June 10th, New York City: At about 100 degrees, this was probably one of the hottest spring days in 2008. The SIFMA (Securities Industry and Financial Markets Association) technology management exhibit was just opening up, and to keep all the suit-wearing businessmen cool, the hotel’s air conditioners were throwing many BTUs away…

This wasn’t without reminding me of the reason why I was there, standing at the AMD booth, demonstrating computation running on an AMD FireStream graphic card…

It all started almost a year ago, when most of our Wall Street customers asked us whether we could help with programming to GPU (Graphical Processing Unit), or most widely known as ‘accelerated graphics card’.

Their interest is pretty simple - financial computations require a LOT of computing power. And with a traditional CPU-based approach like a grid, a LOT of computing power requires a LOT of electrical power, which at the end of the day is lost in the air conditioning system…

It is foreseen than ‘accelerated computing’ based on hardware derived from what is commonly known as ‘graphics cards’ is the best chance to save a lot of those BTUs…

Why?

First, GPU can accelerate computations by a huge ratio.

Pac-Man was released in 1981, and by today’s standards, moving the yellow flat circle across the screen is no more considered a technological achievement. As a matter of fact, 3dfx Inc. revolutionized gaming in 1995 by introducing the first ‘consumer accelerated graphics card’, hence delivering ‘mind bending graphics’. Simultaneously, Microsoft introduced the first version of their DirectX API, now the leading reference in gaming development. And 13 years later, GPUs are now able to create three dimensional images more than 200 times faster than regular CPUs.

It is not a stretch to establish a parallel between the Black-Scholes paper (published in 1973 and introducing basic option pricing concepts) and Pac-Man. After all, they both created a new industry. But while the ‘accelerated computing’ revolution happened in 1995 for video-gaming, Financial and General Purpose accelerated computing is being revolutionized today.

AMD and nVIDIA are the first to introduce new dedicated cards that are no more limited to graphics and linear algebra only, but can also run full double-precision C-like programs on extremely large sets of data. Simultaneously, general purposes APIs are becoming available. And preliminary tests show 10X - 40X improvement for some applications. It is still a bit shy of the acceleration we are seeing in the graphics world, but remember we are talking 1st generation hardware.

Second, GPUs can save power.

Even at a 20X improvement, a single GPU offers performance of 20 CPU cores. And it consumes around less than 150Watts… And if you can picture it correctly, it is easy to compare the size of the 8 cores server I was using at the SIFMA show and the AMD FireStream card (about a fourth of a shoe box).

SIFMA 2008 was the perfect opportunity to confirm that ‘accelerated computing’ is the future. But, the overall feel remains that in most cases GPU development is slowed down by a still maturing industry both for APIs and hardware, but people are seriously investigating it.

And hedging the investment made in a single one of those new technologies is still the main concern, people being a bit reluctant to put all their eggs in the same basket.

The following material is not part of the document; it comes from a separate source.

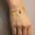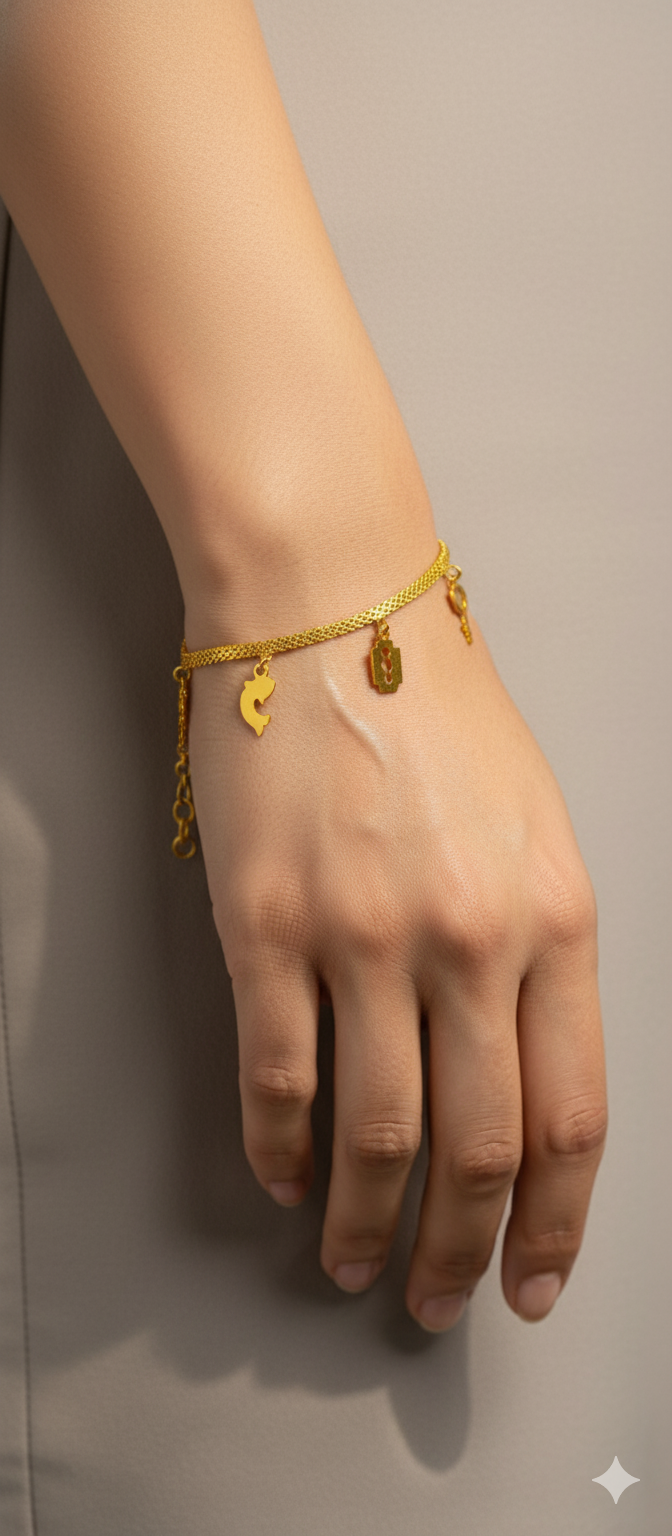 It’s a beautiful gold charm bracelet being worn elegantly on a female wrist, set against a simple, soft background.

As a matter of fact, lessons can be learned from history: When developing video games in 1995, the API of choice was Glide, actually published by the leading and only vendor in the accelerated 3D card market: 3dfx Inc. But “By 2000, the improved performance of Direct3D and OpenGL on the average personal computer, coupled with the huge variety of new 3D cards on the market, the widespread support of these standard APIs by the game developer community and the closure of 3dfx, would make Glide obsolete.” (source: Wikipedia)

I almost forgot! But that was really my reason to be there.

I have been helping in a lot of the parallel assessments for Wall Street and non-Wall Street customer to evaluate current implementations of CPU intensive and non-CPU intensive applications, to see how GPUs and other techniques like multi-threading and service grids can help improve throughputs and reduce latency of applications. And with the support of our development team, we can provide solutions to quickly evaluate, code and test GPU implementation (on multiple APIs) and on multi-core Technology.

You will be surprised at some of the results…

Why would SOA become the dominant architecture for software development?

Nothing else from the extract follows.